37Her filin üstünde, onu korumak için, tahtadan yapılmış kalın bir kule vardı. Bu kulenin dengesi kuşaklarla sağlanmıştı. Her filin üstünde ayrıca savaşçı takımı ve sürücüsü vardı.
38Atlı askerlerin geri kalan kısmı, ordunun her iki kanadında bulunuyordu. Onların görevi düşmanı aralıksız saldırılarla yormak ve asker alayını gizlemekti.
39Güneş, bronz ve altın zırhların üzerinde parlayınca bu parıltı dağlara aksetti ve ateşten meşaleler gibi ışın saçtı.
40Kralın ordusunun bir kısmı dağlardaydı, geri kalanı ise aşağıda vadideydi. Bütün güçler düzenli ve kendine güvenir biçimde ilerliyordu.
41Bu büyük kalabalığın yaptığı gürültü, ilerleyen askerlerin gümbürtüsü ve zırhların çıkarttığı madeni ses herkesi titretti, çünkü çok büyük ve güçlü bir orduydu.
42Yahuda ile ordusu savaşmak için ilerledi ve kralın ordusundan altı yüz kişi öldü.
43Avaran diye çağrılan Elazar fillerden birinin öbürlerinden daha yüksek olduğunu ve krala özel süslü örtü ile örtüldüğünü görünce, kralın bu file bindiğini düşündü.
44Ulusunu kurtarmak için kendini feda etti ve adı sonsuza dek yaşadı.
45Alayı yararak yiğitçe file saldırdı. Bunu yaparken sağa sola ölüm saçıyordu. Bu şiddetli saldırı karşısında düşman dağıldı,
46o hızla filin altına fırladı, kılıcını hayvana sapladı ve onu öldürdü. Fil onun üstüne yığıldı ve o da hemen oracıkta öldü.
47Yahudiler, kralın ne denli güçlü olduğunu ve ordularının yabanıl durumunu gördüler ve geri çekildiler.

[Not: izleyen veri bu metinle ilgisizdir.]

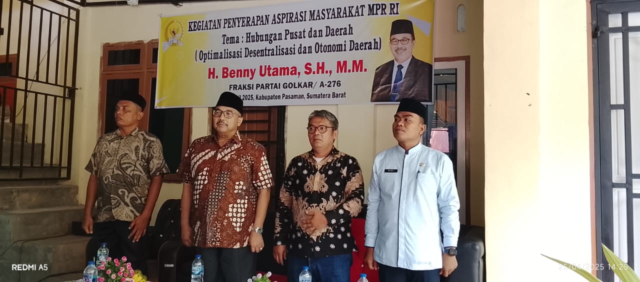DinastiNews.Com | Pasaman – Kegiatan penyerapan aspirasi masyarakat MPR.RI dengan tema ” Hubungan Pusat dan Daerah ( optimalisasi Desentralisasi dan otonomi daerah ) , bersama H.Benny Utama S.H., M.M.dari fraksi Golkar / A-276, didampingi Dosen Hukum Tata Negara Fakultas Hukum Unand Padang Dr.Zennis Helen, S.H., M.H ,di halaman Kantor Wali Nagari Panti selatan , Jumat 23 April 2025 ,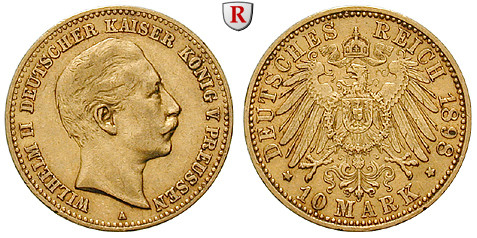 Wilhelm II. 1888-1918. 10 Mark 1898 A. J. 251; GOLD, very fine

Beytsur'un Ele Geçirilmesi ve Suriyeliler'in Siyon Dağı'nı Kuşatması
48Kralın ordusu Yeruşalim'in önünde onlarla karşılaşmak üzere ilerledi. Kral, Yahuda ve Siyon Dağı'nı ele geçirdi.

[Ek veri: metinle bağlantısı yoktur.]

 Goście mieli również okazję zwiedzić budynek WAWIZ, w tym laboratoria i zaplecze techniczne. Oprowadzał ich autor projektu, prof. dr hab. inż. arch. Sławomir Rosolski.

49Beytsur halkına barış antlaşması önerdi ve halk kenti boşalttı. Kentte bir kuşatmaya karşı koymak için gereken besin yoktu. Çünkü ülkede kutsal dinlenme yılı yaşanıyordu.
50Beytsur'u ele geçiren kral oraya bir garnizon atadı.
51Tapınağa uzun süre saldırdı, ateş etmek amacıyla yüksek yerler yapıp saldırı düzenine geçti. Ateş atıcılar ve mancınıklar, okları boşaltacak ucuna demir parçaları takılı kamçılar ve katapultlar hazırladı.
52Bunun üzerine saldırıya uğrayanlar da önlemler aldılar ve böylece direnişlerinin süreci uzadı.
53Ama besinleri yoktu, çünkü yedinci yıldaydılar ve putperestlerden kaçıp Yahudiye'ye sığınanlar besinlerini tüketmişlerdi.
54Başgösteren şiddetli açlık nedeniyle kutsal yerde ancak bir kaç kişi kalmıştı. Geri kalanlar dağılmış, evlerine dönmüşlerdi.
Kral Yahudiler'e Dinsel Özgürlük Veriyor
55O arada Kral Antiyokus'un ölümünden önce oğlu Antiyokus'u tahta hazırlaması için atadığı Filip,
56kralla giden askeri kuvvetlerle birlikte Pers ülkesinden ve Medya'dan geri dönmüştü. İşlerin yönetimini ele almayı tasarlıyordu.
57Bunu duyan Lisias derhal gitmeye karar verdi ve krala, ordu generallerine, askerlere şöyle dedi: "Gün geçtikçe daha zayıf duruma düşüyoruz. Besinimiz azaldı ve saldırdığımız yer güçlü savunma önlemleri almış durumda. Ayrıca krallığın işlerine de zaman ayırmamız gerek.
58Bu insanlara dostluk elini uzatalım, kendileriyle ve tüm uluslarıyla barış yapalım.
59İzin verelim de geleneklerini eskisi gibi sürdürsünler. Onların böyle davranmalarının nedeni bu gelenekleri kaldırmamızdır."
60Kral ve komutanları bu görüşü onayladılar ve Lisias Yahudiler'e barış önerdi, onlar da bu öneriyi onayladılar.
61Kral ve generalleri ant içerek antlaşmayı onayladı. Kuşatma altında olanlar kaleden çıktı.
62Sonra kral Siyon Dağı'na çıktı. Ama orasının ne denli ele geçirilemez olduğunu görünce yeminini bozdu ve etrafı çeviren duvarın yıkılmasını buyurdu.
63Ardından çarçabuk çadırı bozdu ve Antakya'ya çekildi. Orada Filip'in kenti ele geçirmiş olduğunu gördü. Kral Antiyokus onunla savaştı ve kente saldırarak ele geçirdi.